Problem requirements
Print, please, exactly the lines from the one with "长期而言,考虑庞大的存量房二" through the final line of the data below, with both ends included and the pictures left out.

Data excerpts
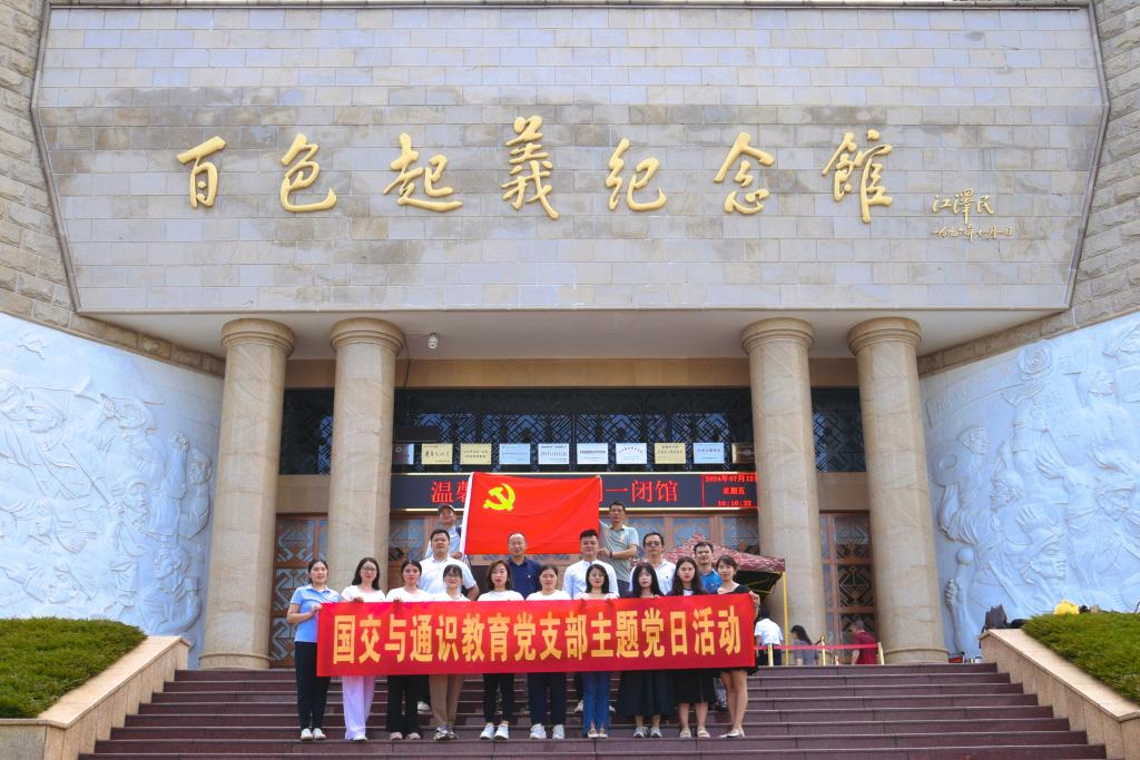 为深入学习贯彻习近平新时代中国特色社会主义思想以及党的二十大精神,加强爱国主义教育,引导广大党员牢记革命宗旨、学习英烈事迹,以中国共产党人精神谱系培育时代新人,激励广大干部群众发扬光荣传统、赓续红色血脉。在中国共产党成立103周年之际,国交与通识教育党支部全体党员于7月12日前往百色起义纪念馆开展党日活动。
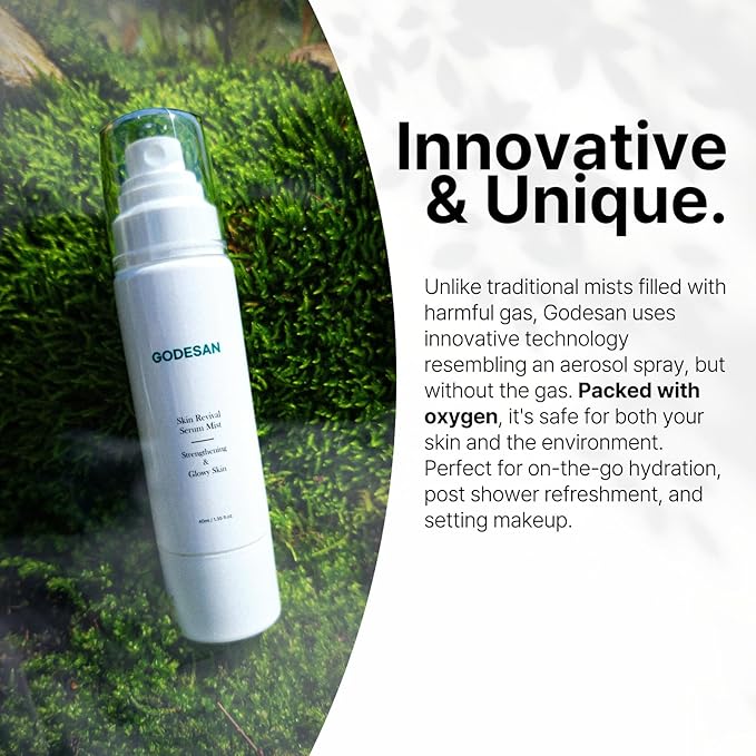 • 🌲Non-aerosol Mist🌲It functions like an aerosol spray, but it has been developed and designed with innovative technology to be non-aerosol. Traditional aerosols contain gas, which can be an irritant. Godesan Serum Mist is filled with pure oxygen, making it safe for use on skin and eco-friendly.
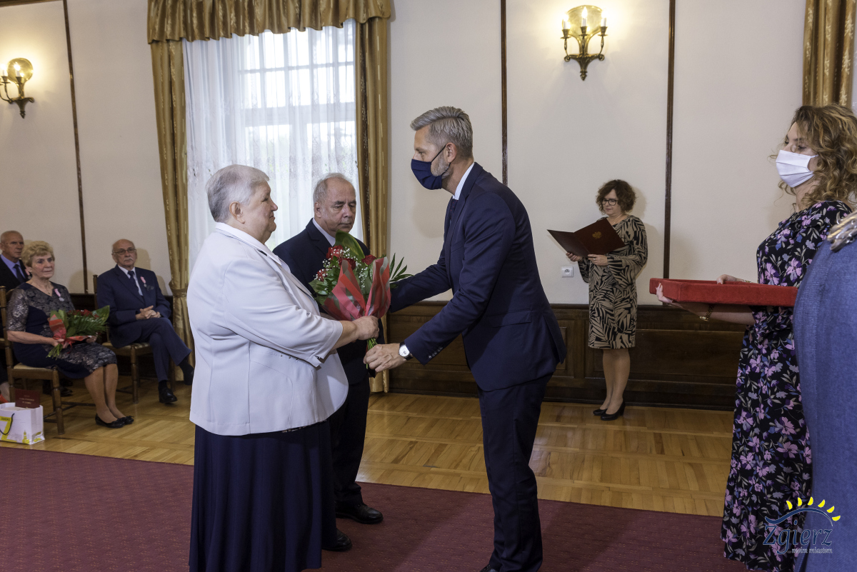 Prezydent Miasta Zgierza wręcza parom medale i kwiaty
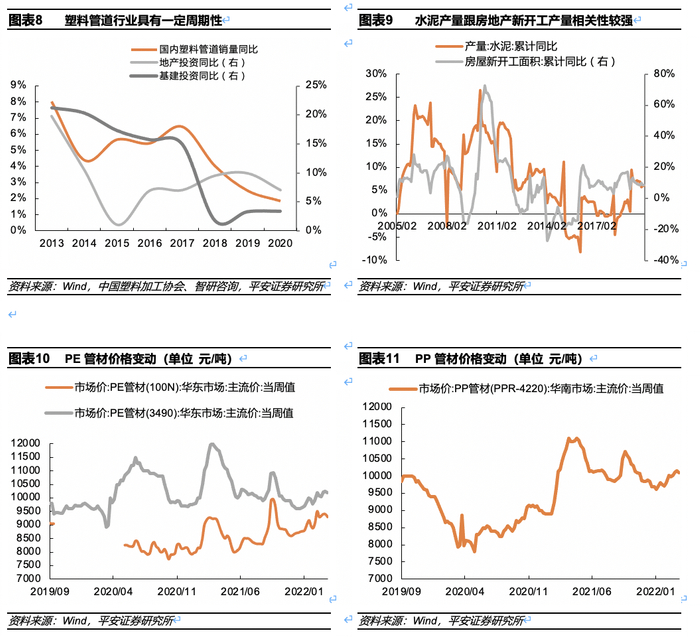 长期而言,考虑庞大的存量房二次装修需求,叠加新房需求仍高,建筑领域塑料管道需求有望维持高位。
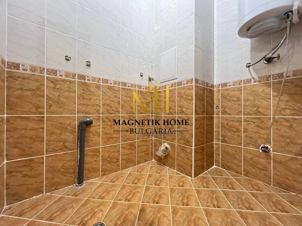 Разпределението на имота се разгръща както следва: дълго входно антре, баня + тоалетна, морко помещение, просторен хол, спално помещение, отделно кухненско помещение и открита тераса.
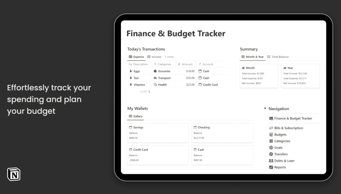 In summary, Notion is a versatile tool for personal finance and budgeting. With the right templates and systems, you can easily track cash flow, analyze spending habits, and make informed financial decisions. The templates listed above offer a range of features and designs to suit different needs and preferences. Whether you're starting your financial journey or a seasoned budgeter, there's a Notion template for you.
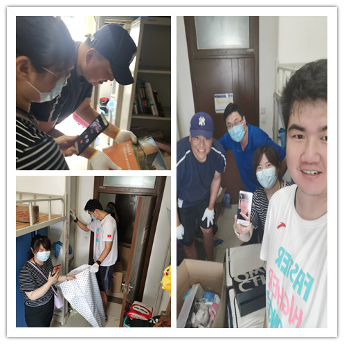 在行李打包工作正式开始之前,李秋月和杜文竹两位辅导员们已经进入宿舍为个别毕业生取出并单独寄送毕业生身份证、笔记本电脑等贵重物品和重要证件。公司工作组在林琼书记和董盘齐副书记的带领下依然集中实地走访了2次员工宿舍,详细查看了每一间宿舍的情况,全面掌握了公司毕业生宿舍分布,为公司制定工作方案打下了坚实基础。宿舍实地走访还为毕业生提供视频直播或拍照,帮助他们回忆物品摆放、提示他们物品整理的思路。此外,出于防盗和防汛的考虑,经理张本家在开会研究中优先选取了安全性最佳的看台会议室放置暂存员工的行李,避免暑期的雨水影响了行李的存放。
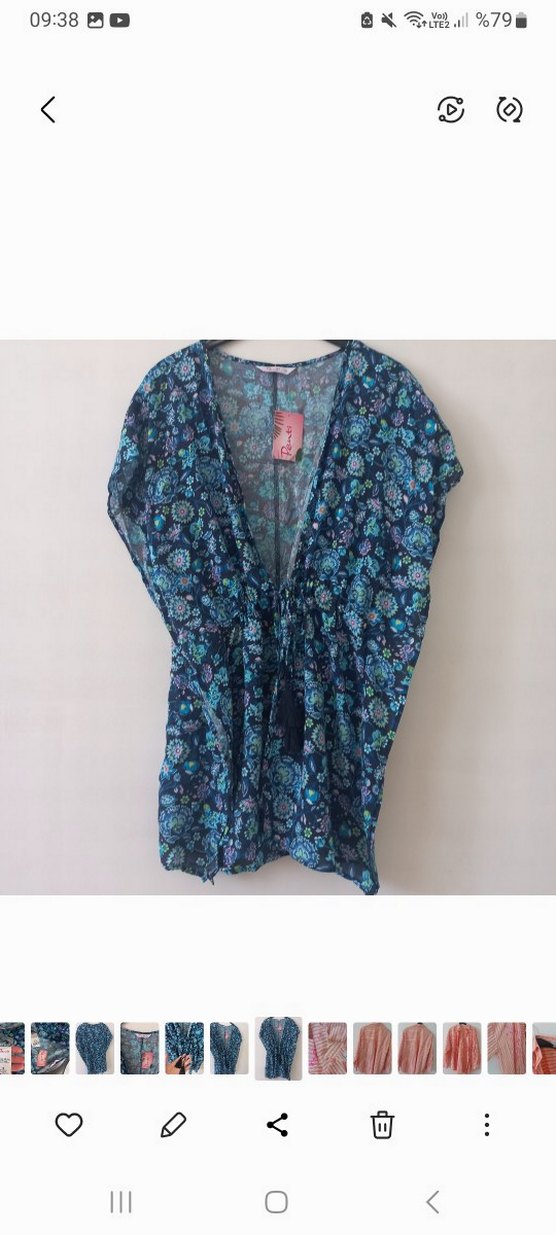 V yakalı, püsküllü, mavi tunik. Kolsuz, bol kesim PENTİ S BEDEN

Answer section
 长期而言,考虑庞大的存量房二次装修需求,叠加新房需求仍高,建筑领域塑料管道需求有望维持高位。
 Разпределението на имота се разгръща както следва: дълго входно антре, баня + тоалетна, морко помещение, просторен хол, спално помещение, отделно кухненско помещение и открита тераса.
 In summary, Notion is a versatile tool for personal finance and budgeting. With the right templates and systems, you can easily track cash flow, analyze spending habits, and make informed financial decisions. The templates listed above offer a range of features and designs to suit different needs and preferences. Whether you're starting your financial journey or a seasoned budgeter, there's a Notion template for you.
 在行李打包工作正式开始之前,李秋月和杜文竹两位辅导员们已经进入宿舍为个别毕业生取出并单独寄送毕业生身份证、笔记本电脑等贵重物品和重要证件。公司工作组在林琼书记和董盘齐副书记的带领下依然集中实地走访了2次员工宿舍,详细查看了每一间宿舍的情况,全面掌握了公司毕业生宿舍分布,为公司制定工作方案打下了坚实基础。宿舍实地走访还为毕业生提供视频直播或拍照,帮助他们回忆物品摆放、提示他们物品整理的思路。此外,出于防盗和防汛的考虑,经理张本家在开会研究中优先选取了安全性最佳的看台会议室放置暂存员工的行李,避免暑期的雨水影响了行李的存放。
 V yakalı, püsküllü, mavi tunik. Kolsuz, bol kesim PENTİ S BEDEN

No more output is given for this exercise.